I think you can get a bus to Trier 20kM's away.

TM


----------



## charlieivan

bulawayolass said:


> We are due to hit Trier in a couple of days but thinking of missing it. I found the big 120 vehicle stellplatz they want
> 8e between 18:00 -10:00 and
> 10e 10:00-18:00
> 
> No way will l pay 17e unless l read it wrong.
> And not risking getting there tired post 18:00 and finding them full.
> 
> Any seasoned folks advice please
> 
> *Caro*


We stayed there a couple of years ago and it was around €8 a night. They had a strange system of payment. You had to buy a prepaid card which you also used to pay for shower. When leaving you either paid any excess or got a refund on any left on the card. There is a campsite next door that administers the Stellplatz. Don't worry about it being full as it is massive with an even bigger car park next to it. As others have said, if you Don't fancy staying there then there are many more to choose from within a few km.


----------



## Glandwr

Trier has the most architectural remains of the Roman empire outside of Italy and is definitely worth a visit. Don't miss the Porta Negra (small charge) or the basilica.

Dick


----------



## jacder

This is from the site website

Motor Home Park 
Motor home per night (from 6 pm till 10 am) 8,00 € 
Price per day (from 10 am till 6 pm) 0,10 € 
Electricity billed per kWh 0,70 € 
Sanibuilding (toilet) 0,40 € 
Shower ~ 3 minutes 1,00 € 
Sani-Service to empty toilet and gray water free for guest 
drink-water per 10 l 0,10 € 

You'll see price for daytime is 0.10eur not 10eur


----------



## bigcats30

jacder said:


> This is from the site website
> 
> Motor Home Park
> Motor home per night (from 6 pm till 10 am) 8,00 €
> Price per day (from 10 am till 6 pm) 0,10 €
> Electricity billed per kWh 0,70 €
> Sanibuilding (toilet) 0,40 €
> Shower ~ 3 minutes 1,00 €
> Sani-Service to empty toilet and gray water free for guest
> drink-water per 10 l 0,10 €
> 
> You'll see price for daytime is 0.10eur not 10eur


Still a con...get on a campsite on the mosel for 5 euros a night and use all the water/showers you want for free plus 1 euro for 2kw of leccy

more to spend on wine


----------



## bulawayolass

ahh thanks Jacder l have small phone missed the . 

Well it is a lot Bigcats but at moment nothing rulled out or in.

Thanks to everyone else for their help decision will come tomorrow night when l do the next days planning but a lot of info there to help with it. 

*Caro*


----------



## Geriatricbackpacker

Just been in the Black Forrest area and used the Stelplatz's in the 2013 Camperstop book. We found most of them to be at least 50% more than stated in the book and 'free sites' were charging between 7-8euros plus extra for services.
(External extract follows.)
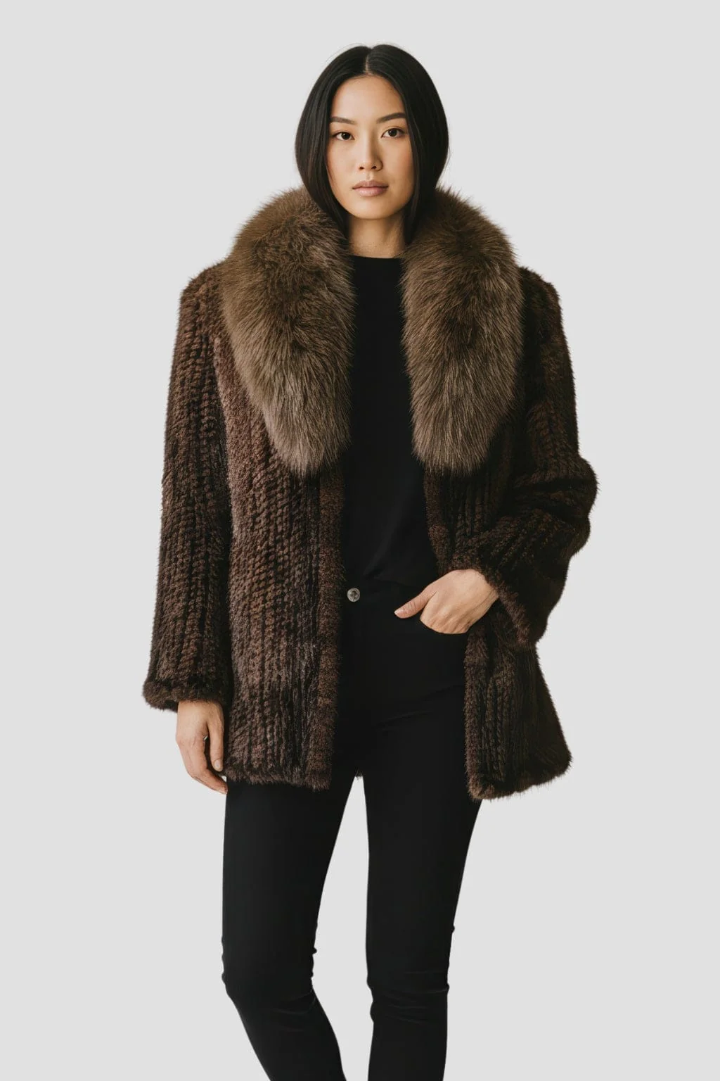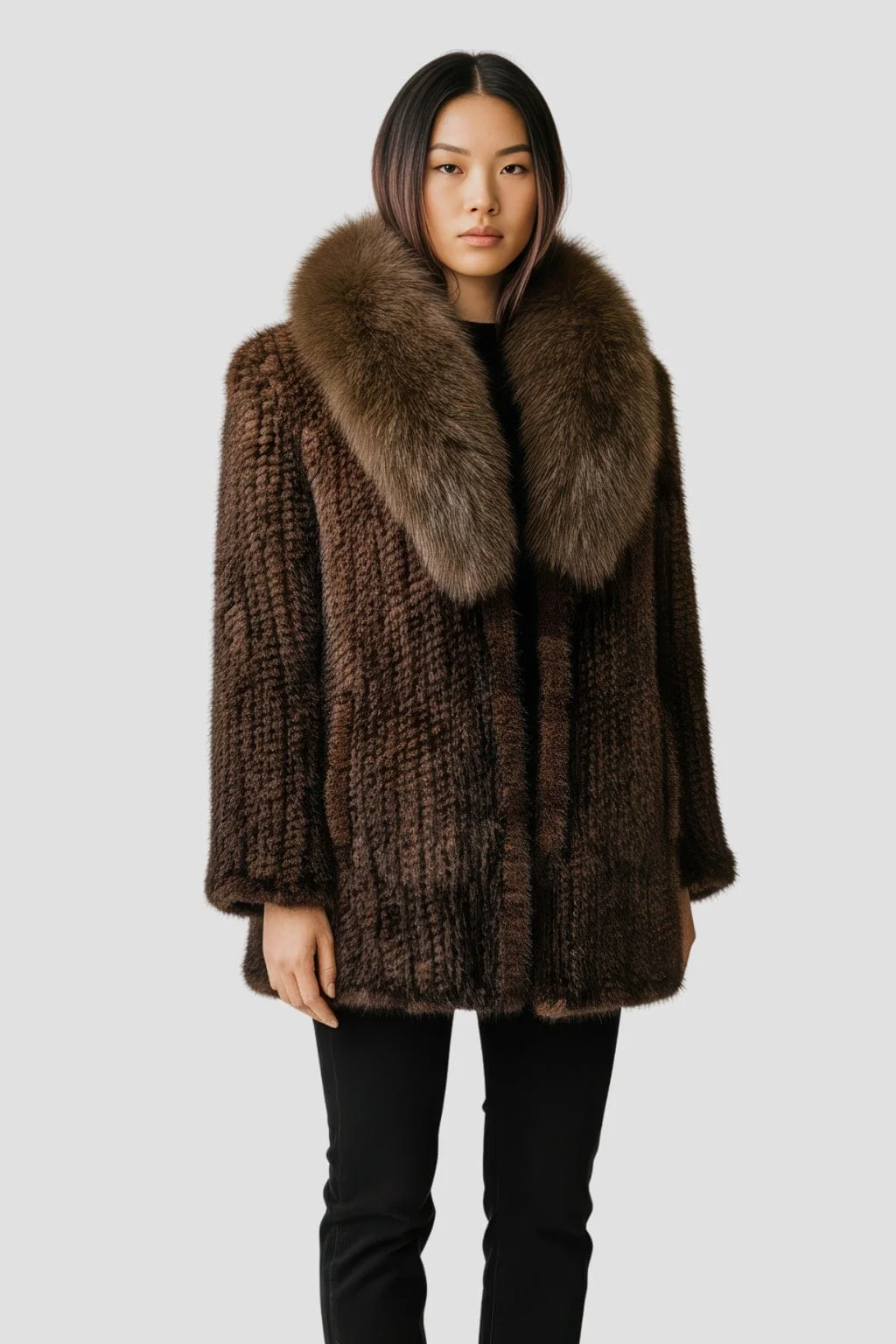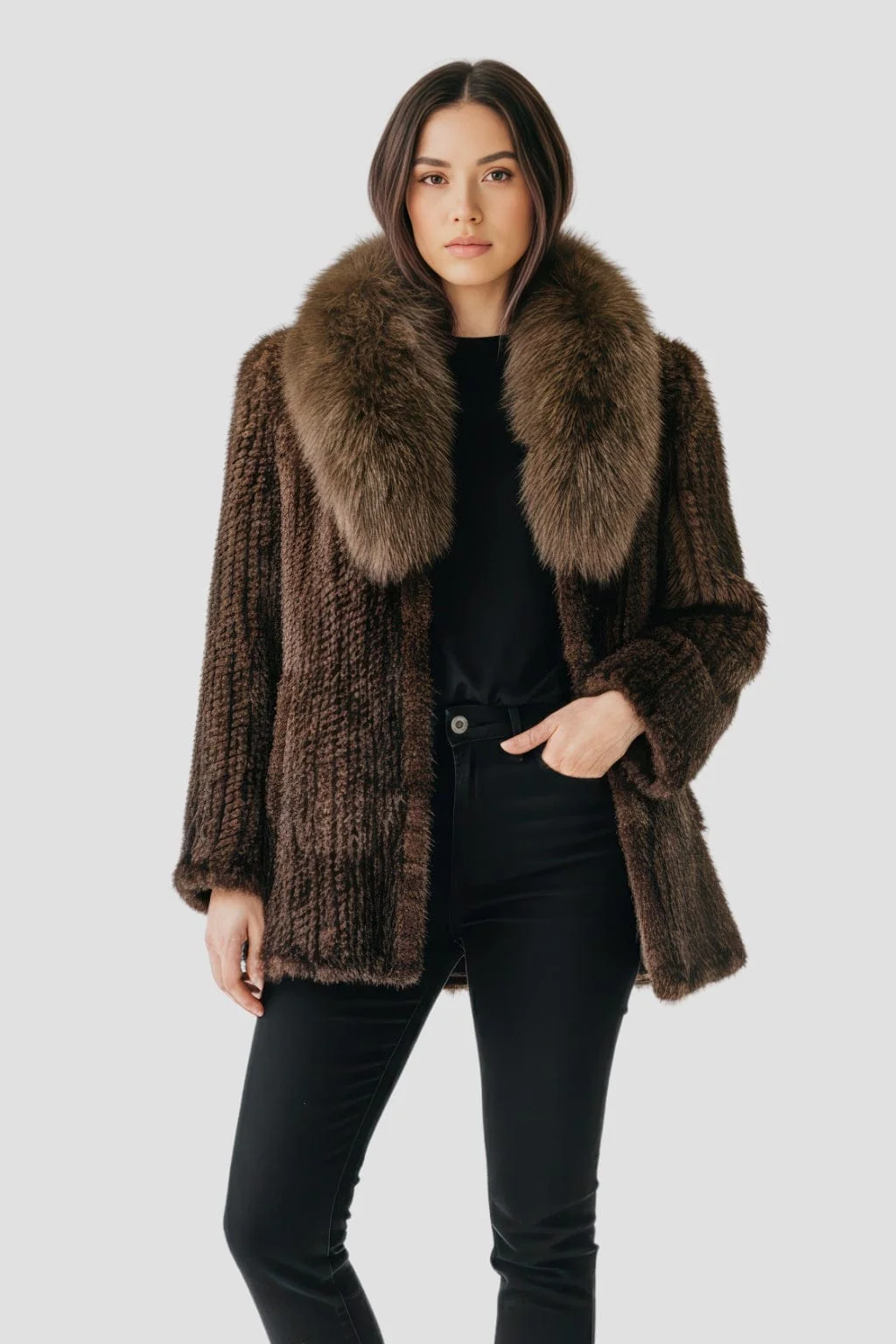Finitions main, boutonnières discrètes et bords parfaitement gansés soignent le rendu. La veste fourrure femme vison affirme ainsi un équilibre rare entre éclat et sobriété.

I don't know what it's like in the Mosel region as we headed back into France.
Electric was good though at 50-60cents a klwt.


----------



## rebbyvid

Just back from the Dusseldorf air show :roll: :roll: and a trip down the Mosel. Heres where we stopped and prices Koblenz ,campsite Gulser Gulser Moselbogen, 12.50 euro for one person 18.50 for 2 ,right on mosel but there are stellplatz also in Koblenz (needed washers ).Ernst 8 Euro,inc electric with bakery restaurant,charcuterie and big wine warehouse ,(very good wine) Enkirch 6 euro +2 for electric, big grass area with parking for 100+ vans Kinheim 6 euro +2 elect grass area right on river banks.


----------



## alexblack13

There is a nice little stellplatz just south of the town in a local Vinyard. Walking distance into town and I think the charge was E10 /nt.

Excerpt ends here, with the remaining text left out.